Virginia enacts significant record reforms in 2025
Note: We are very pleased to publish a summary of the several significant record reforms enacted by Virginia in 2025, prepared by Rob Poggenklass. Rob is executive director of Justice Forward Virginia, a public defender-led criminal justice policy advocacy organization. He was deputy director of CCRC in 2022.
The Commonwealth of Virginia has continued to make significant progress toward reducing the collateral consequences of criminal conviction, although a closely divided government has meant that reforms have been more incremental in recent years. Here are the several new laws that Virginia enacted during the 2025 legislative session:
- Occupational licensing reforms;
- Expansion of vacatur eligibility for victims of human trafficking;
- Two bills easing employment restrictions for people convicted of “barrier crimes”; and
- Technical updates and policy changes to the major 2021 record sealing law, which will take effect July 1, 2026;
In addition, the General Assembly took the first step toward amending the Virginia Constitution to ensure that a felony conviction results in loss of the right to vote (and potentially other civil rights) only during actual incarceration.
These six major new authorities are described below. I expect that the Virginia General Assembly’s exemplary performance in enacting these important new provisions will be in for recognition in CCRC’s annual round-up of new record reforms.
Occupational licensing. SB826 follows reforms in other states like Colorado in prohibiting regulatory boards from using vague terms like “good moral character” or “moral turpitude” to refuse a license, certificate, or registration. The law also requires a regulatory board, when issuing a denial, to specify in writing which conviction or convictions on the person’s record contributed to the denial, and to explain how that criminal history “directly relates” to the license sought and how the board weighed rehabilitative factors in its decision.

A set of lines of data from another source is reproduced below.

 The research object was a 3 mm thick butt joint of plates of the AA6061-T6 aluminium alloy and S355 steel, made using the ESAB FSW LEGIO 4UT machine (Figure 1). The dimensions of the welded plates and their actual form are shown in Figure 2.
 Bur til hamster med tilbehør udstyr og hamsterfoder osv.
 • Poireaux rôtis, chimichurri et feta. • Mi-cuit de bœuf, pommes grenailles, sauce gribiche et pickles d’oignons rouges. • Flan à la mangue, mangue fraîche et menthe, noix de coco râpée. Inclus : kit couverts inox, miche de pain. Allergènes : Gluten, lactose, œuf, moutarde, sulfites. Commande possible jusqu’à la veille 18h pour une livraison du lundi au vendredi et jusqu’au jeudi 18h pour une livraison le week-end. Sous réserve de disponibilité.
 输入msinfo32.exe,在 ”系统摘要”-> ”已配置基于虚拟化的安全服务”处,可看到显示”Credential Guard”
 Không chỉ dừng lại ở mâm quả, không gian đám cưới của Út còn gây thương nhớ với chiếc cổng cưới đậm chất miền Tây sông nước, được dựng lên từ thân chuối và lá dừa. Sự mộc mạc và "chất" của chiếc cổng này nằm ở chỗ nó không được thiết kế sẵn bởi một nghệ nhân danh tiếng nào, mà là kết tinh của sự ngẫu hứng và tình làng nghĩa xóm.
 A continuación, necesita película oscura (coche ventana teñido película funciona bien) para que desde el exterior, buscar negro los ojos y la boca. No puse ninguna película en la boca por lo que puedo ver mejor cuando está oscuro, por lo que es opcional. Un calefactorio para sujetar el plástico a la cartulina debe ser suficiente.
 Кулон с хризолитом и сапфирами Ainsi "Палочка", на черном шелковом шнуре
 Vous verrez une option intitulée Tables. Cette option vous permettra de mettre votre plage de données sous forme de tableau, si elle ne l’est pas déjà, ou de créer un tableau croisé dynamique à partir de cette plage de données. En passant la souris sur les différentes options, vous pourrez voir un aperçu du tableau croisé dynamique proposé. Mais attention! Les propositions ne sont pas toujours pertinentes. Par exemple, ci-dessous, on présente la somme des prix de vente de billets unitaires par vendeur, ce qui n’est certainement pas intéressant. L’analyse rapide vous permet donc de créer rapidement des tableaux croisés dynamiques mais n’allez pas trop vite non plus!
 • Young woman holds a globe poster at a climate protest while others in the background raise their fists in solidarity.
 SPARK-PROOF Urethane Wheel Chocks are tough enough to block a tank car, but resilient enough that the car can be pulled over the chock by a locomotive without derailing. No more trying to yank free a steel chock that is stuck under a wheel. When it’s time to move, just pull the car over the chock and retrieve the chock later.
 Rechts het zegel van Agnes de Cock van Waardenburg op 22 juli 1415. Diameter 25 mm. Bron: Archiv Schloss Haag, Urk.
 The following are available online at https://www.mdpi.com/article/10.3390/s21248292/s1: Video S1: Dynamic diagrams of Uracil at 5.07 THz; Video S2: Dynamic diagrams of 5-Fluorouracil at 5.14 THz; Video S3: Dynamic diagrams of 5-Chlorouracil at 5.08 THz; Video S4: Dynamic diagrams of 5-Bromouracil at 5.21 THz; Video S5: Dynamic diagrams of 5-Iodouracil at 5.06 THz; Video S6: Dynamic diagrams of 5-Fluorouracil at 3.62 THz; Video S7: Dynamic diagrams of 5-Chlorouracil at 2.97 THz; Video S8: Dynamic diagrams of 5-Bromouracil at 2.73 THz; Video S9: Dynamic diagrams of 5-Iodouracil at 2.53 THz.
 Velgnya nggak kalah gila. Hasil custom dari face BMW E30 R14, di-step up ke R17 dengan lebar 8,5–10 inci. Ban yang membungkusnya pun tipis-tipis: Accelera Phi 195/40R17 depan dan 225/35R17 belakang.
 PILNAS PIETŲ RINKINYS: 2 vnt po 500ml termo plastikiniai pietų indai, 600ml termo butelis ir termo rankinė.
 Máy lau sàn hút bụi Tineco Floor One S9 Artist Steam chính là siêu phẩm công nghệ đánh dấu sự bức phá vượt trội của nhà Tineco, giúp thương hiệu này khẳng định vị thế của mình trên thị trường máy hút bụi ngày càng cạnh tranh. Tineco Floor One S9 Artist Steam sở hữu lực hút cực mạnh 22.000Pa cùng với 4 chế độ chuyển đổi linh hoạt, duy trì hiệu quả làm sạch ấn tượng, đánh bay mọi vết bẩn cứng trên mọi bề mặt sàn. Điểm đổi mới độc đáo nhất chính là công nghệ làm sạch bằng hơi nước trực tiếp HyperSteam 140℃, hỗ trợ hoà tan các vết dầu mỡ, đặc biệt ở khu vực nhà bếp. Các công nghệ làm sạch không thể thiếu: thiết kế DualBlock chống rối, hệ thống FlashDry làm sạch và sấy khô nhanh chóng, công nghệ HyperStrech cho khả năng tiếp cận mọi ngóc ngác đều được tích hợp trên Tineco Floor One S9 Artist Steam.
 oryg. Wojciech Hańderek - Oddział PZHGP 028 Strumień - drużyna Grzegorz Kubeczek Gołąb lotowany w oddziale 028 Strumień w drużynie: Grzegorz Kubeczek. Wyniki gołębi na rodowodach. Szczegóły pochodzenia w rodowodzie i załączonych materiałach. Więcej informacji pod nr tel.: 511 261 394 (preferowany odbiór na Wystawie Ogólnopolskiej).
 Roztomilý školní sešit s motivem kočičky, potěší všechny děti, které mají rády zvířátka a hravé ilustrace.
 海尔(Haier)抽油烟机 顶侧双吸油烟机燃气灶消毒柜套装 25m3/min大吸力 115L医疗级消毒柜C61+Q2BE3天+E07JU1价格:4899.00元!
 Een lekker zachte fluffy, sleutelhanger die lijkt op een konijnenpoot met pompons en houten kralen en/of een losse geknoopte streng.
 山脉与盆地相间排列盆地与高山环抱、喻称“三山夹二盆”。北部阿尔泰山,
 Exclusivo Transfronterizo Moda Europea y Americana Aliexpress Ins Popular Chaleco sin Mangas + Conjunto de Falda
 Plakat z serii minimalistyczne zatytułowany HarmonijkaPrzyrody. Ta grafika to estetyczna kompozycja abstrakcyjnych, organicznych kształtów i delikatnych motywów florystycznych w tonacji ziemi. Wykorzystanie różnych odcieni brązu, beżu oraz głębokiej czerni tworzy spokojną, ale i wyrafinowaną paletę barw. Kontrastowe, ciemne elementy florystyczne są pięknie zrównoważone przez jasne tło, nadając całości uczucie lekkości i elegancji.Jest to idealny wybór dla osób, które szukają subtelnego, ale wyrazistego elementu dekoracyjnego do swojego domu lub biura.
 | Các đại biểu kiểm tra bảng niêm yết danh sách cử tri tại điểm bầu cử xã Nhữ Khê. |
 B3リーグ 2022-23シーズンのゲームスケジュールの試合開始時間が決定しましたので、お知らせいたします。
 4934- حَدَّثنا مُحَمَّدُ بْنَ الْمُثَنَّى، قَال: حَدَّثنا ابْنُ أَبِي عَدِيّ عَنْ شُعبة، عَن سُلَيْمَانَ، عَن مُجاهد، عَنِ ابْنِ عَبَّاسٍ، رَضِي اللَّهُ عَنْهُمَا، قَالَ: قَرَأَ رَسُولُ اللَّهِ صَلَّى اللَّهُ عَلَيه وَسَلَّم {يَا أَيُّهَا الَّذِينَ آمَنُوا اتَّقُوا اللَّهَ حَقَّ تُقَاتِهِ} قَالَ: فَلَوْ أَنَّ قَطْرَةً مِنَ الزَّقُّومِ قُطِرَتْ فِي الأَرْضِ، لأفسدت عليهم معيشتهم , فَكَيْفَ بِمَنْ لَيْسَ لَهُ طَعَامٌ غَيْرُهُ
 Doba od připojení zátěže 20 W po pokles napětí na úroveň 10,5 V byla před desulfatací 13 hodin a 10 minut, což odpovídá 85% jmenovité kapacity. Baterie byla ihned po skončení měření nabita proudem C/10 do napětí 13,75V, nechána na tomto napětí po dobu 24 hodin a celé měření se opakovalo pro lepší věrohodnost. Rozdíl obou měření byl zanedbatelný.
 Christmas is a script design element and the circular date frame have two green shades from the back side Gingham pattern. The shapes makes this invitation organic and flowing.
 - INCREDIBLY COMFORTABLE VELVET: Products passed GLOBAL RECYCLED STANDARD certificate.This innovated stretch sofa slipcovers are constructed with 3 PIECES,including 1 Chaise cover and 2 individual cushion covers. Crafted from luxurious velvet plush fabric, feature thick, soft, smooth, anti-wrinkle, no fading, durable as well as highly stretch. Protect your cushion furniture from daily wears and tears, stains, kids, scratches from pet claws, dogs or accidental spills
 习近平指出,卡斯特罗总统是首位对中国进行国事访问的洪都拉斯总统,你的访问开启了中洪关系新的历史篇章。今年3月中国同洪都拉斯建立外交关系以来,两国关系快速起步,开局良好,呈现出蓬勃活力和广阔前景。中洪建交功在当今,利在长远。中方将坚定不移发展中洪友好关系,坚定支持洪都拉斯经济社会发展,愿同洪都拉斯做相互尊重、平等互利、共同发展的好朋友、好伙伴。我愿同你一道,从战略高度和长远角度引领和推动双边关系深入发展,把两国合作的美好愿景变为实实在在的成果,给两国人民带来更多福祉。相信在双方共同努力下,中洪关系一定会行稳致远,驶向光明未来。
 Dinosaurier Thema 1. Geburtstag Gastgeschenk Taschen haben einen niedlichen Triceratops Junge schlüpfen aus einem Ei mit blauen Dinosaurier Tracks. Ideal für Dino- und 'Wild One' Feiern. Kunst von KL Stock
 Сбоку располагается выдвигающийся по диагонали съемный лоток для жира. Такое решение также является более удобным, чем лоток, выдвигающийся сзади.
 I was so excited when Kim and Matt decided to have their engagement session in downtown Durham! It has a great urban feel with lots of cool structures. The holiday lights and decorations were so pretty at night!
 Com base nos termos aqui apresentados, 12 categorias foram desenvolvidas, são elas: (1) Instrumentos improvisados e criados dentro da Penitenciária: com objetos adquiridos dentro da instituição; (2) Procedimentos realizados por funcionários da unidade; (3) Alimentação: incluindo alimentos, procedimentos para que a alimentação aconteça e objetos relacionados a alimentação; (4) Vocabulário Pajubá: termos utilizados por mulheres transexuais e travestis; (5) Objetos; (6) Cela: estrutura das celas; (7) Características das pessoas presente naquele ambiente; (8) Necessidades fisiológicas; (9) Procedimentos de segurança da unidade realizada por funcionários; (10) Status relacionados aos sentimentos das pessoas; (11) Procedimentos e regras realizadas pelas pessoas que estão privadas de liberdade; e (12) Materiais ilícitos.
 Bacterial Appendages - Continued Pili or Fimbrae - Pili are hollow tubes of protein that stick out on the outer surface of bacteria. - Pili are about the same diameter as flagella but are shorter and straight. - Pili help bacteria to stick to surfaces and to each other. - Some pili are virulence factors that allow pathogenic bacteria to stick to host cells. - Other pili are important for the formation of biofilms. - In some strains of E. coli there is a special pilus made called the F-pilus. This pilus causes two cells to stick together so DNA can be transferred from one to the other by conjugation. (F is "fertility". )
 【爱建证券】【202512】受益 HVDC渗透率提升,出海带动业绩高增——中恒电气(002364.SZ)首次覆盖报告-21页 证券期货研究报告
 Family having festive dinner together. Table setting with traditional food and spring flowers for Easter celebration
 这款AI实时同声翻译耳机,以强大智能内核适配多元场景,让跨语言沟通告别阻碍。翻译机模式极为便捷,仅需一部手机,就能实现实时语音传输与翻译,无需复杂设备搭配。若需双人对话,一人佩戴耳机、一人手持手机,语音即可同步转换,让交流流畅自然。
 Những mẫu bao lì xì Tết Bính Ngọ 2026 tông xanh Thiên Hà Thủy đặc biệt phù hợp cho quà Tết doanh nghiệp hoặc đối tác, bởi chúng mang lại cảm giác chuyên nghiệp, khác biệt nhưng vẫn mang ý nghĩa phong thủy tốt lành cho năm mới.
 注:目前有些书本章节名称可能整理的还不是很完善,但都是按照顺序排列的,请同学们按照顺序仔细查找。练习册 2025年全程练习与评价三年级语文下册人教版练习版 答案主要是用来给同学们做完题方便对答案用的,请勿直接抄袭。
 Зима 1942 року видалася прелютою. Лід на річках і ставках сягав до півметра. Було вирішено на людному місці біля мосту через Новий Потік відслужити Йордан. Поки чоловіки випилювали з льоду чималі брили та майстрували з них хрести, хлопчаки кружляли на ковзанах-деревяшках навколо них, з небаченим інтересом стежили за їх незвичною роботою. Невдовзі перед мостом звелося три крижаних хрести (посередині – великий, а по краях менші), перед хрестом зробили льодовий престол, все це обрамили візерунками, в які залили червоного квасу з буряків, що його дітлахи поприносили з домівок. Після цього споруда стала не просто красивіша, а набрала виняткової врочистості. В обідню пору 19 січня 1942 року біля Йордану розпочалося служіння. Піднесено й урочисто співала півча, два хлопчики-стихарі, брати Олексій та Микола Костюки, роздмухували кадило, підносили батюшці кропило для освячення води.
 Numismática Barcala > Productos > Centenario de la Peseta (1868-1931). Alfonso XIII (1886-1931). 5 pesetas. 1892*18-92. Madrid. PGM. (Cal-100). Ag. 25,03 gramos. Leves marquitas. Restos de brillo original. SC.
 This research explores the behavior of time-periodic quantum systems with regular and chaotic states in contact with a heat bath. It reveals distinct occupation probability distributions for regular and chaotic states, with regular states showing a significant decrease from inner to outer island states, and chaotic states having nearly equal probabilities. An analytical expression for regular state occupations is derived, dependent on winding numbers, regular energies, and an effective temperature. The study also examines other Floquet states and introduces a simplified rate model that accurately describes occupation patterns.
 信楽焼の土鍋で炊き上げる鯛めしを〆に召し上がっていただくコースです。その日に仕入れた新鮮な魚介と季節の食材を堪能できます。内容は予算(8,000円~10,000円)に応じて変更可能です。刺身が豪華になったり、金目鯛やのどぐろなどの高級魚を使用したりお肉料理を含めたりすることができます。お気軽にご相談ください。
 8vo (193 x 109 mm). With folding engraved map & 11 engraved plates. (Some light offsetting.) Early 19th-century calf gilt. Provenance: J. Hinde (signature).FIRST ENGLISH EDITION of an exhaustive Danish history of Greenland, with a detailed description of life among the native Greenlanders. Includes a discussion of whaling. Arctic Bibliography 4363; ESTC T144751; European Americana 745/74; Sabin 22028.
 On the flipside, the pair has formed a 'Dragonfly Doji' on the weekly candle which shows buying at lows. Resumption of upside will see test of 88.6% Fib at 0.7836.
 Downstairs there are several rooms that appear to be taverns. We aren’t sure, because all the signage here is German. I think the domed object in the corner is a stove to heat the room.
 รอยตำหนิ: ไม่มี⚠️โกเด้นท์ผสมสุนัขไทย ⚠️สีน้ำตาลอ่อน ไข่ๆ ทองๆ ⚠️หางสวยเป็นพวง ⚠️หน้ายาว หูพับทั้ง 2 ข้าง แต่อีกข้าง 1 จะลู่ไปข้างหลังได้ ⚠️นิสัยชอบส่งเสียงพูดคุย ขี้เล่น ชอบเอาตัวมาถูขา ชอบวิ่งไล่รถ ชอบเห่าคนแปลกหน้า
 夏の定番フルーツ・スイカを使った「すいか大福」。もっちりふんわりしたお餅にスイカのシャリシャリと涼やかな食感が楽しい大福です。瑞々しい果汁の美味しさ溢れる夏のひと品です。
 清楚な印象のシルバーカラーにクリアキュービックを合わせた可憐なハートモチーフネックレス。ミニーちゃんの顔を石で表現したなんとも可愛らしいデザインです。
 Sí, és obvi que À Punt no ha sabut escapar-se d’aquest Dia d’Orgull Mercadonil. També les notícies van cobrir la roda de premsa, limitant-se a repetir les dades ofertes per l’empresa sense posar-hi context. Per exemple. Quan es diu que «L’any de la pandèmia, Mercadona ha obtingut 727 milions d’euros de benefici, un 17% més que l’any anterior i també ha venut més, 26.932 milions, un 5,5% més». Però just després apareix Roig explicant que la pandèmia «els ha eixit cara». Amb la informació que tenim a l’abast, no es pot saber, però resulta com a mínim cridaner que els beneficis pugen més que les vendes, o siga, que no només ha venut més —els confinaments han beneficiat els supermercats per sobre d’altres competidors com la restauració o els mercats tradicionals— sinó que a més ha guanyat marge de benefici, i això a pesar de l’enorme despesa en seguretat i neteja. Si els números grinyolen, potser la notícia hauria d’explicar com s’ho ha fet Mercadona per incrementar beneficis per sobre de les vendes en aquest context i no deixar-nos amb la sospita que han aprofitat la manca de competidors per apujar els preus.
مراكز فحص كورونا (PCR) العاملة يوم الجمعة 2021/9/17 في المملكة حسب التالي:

The new law also establishes a “predetermination” process for licensing eligibility, so that a person can obtain, prior to investing in training or education, a binding written determination as to whether their criminal history would disqualify them from obtaining a license, certificate, registration or other authority.
Human trafficking. A 2021 law authorized vacatur and expungement for victims of sex trafficking, but limited eligibility to those victims who had been convicted of prostitution-related offenses. HB2393 / SB1460 expands eligibility to include victims who were convicted of felony drug possession or a variety of misdemeanor offenses, including larceny offenses, trespass, destruction of property, using a false ID, identity theft, driving without a license, driving on a suspended license, or disorderly conduct.
The law also makes three other significant changes. First, it adds a definition of “labor trafficking” and makes labor trafficking victims eligible for vacatur and expungement under the law. Second, it specifies the requirements for what to include when filing a petition for relief. Third, the law adds a provision stating there is no requirement that a human trafficking victim must have cooperated with a law enforcement investigation or prosecution to meet the requirements for record relief.
Barrier crimes. Two new laws are intended to offer new employment opportunities for people convicted under Virginia’s barrier crimes regime. A conviction for an offense listed in the barrier crimes law expressly prohibits people from working in most jobs that involve caring for children, the elderly, or the disabled. The first new law, HB1924, gives school boards the option to hire a person convicted of a barrier crime if their offense conduct did not involve specified sex crimes involving a child, the person’s civil rights have been restored, 20 years have passed since the person completed their sentence, and the school board has determined the person has the requisite character to serve in the position. This law also applies to the awarding of contracts by school boards.
The second law, HB1877, eliminates several requirements for individuals serving as peer recovery specialists. The law reenacts previous requirements that a person serving as a peer recovery specialist must be free of probation or parole for at least five years, but provides that a person can work as a peer recovery specialist even if they have not paid all fines, court costs, or restitution from all previous convictions.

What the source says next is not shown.